You’re very close. Two quick fixes and a sanity check:

  1. TorchVision first arg is the backbone output channels, not input. For ResNet-34 use 512, not 3:
backbone:
  - [-1, 1, TorchVision, [512, resnet34, DEFAULT, True, 2, True]]
  - [0, 1, Index, [128, 6]]  # P3 (80x80)
  - [0, 1, Index, [256, 7]]  # P4 (40x40)
  - [0, 1, Index, [512, 8]]  # P5 (20x20)
  1. Your neck/head wiring looks good. Keep straight quotes in Upsample mode (“nearest”). The C3k2 targets 128/256/512 align with P3/P4/P5, and [[ -7, -4, -1 ], 1, Detect, [nc]] is correct.

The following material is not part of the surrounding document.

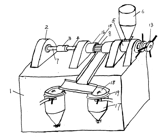 螺旋榨軸穿過料筒,并通過連軸節(jié)與減速箱動力輸出軸相連,螺旋榨軸的錐型前端和料筒前端的錐型縮口相配合形成擠出間隙,料斗放置在料筒上,并與料筒連通,螺旋榨軸的螺牙直徑保持恒定,螺旋榨軸螺谷從后端到前端逐漸變低,出渣口處有一錐型收縮口,通過螺旋榨軸的轉(zhuǎn)動,從料斗下來的原料沿螺谷向前運(yùn)動,并逐漸受到擠壓和摩擦,在料筒的錐型收縮口,擠壓加劇,油渣分離。油從料筒的出油口段流出,出油口段上加工有可以漏油的小孔或者縫隙,油渣從料筒錐型口擠出,錐型口處料筒和螺旋榨軸的擠出間隙可以通過螺旋榨軸后端和料筒后端之間的調(diào)節(jié)螺絲/螺母進(jìn)行調(diào)節(jié),螺旋榨軸的后端設(shè)有活動連接的螺絲,該螺絲和料筒上的固定螺母配合,螺母和料筒制成一體,料筒周邊安裝有加熱元件。加熱元件外包保溫材料,同時(shí)安裝有自動恒溫裝置對料筒周邊的加熱元件進(jìn)行溫度控制,螺旋榨油機(jī)還帶有真空濾油儲油罐,這樣使榨油過程和原料加熱同時(shí)進(jìn)行,并將出油溫度控制在適宜溫度,改變了油品質(zhì)量,減少了油的加工環(huán)節(jié)。

To double-check the ResNet indices/channels on your setup, quickly probe with an Identity head and print shapes; the process is shown in the TorchVision and Index sections of the Model YAML guide. You can find a compact walkthrough in the Model YAML Configuration Guide’s TorchVision integration and its Index module example.

If you switch to another ResNet, update the Index channel sizes and the first TorchVision arg to that backbone’s last-stage channels (e.g., ResNet-50 uses 256/512/1024 at P3/P4/P5 and 1024 as the TorchVision c2).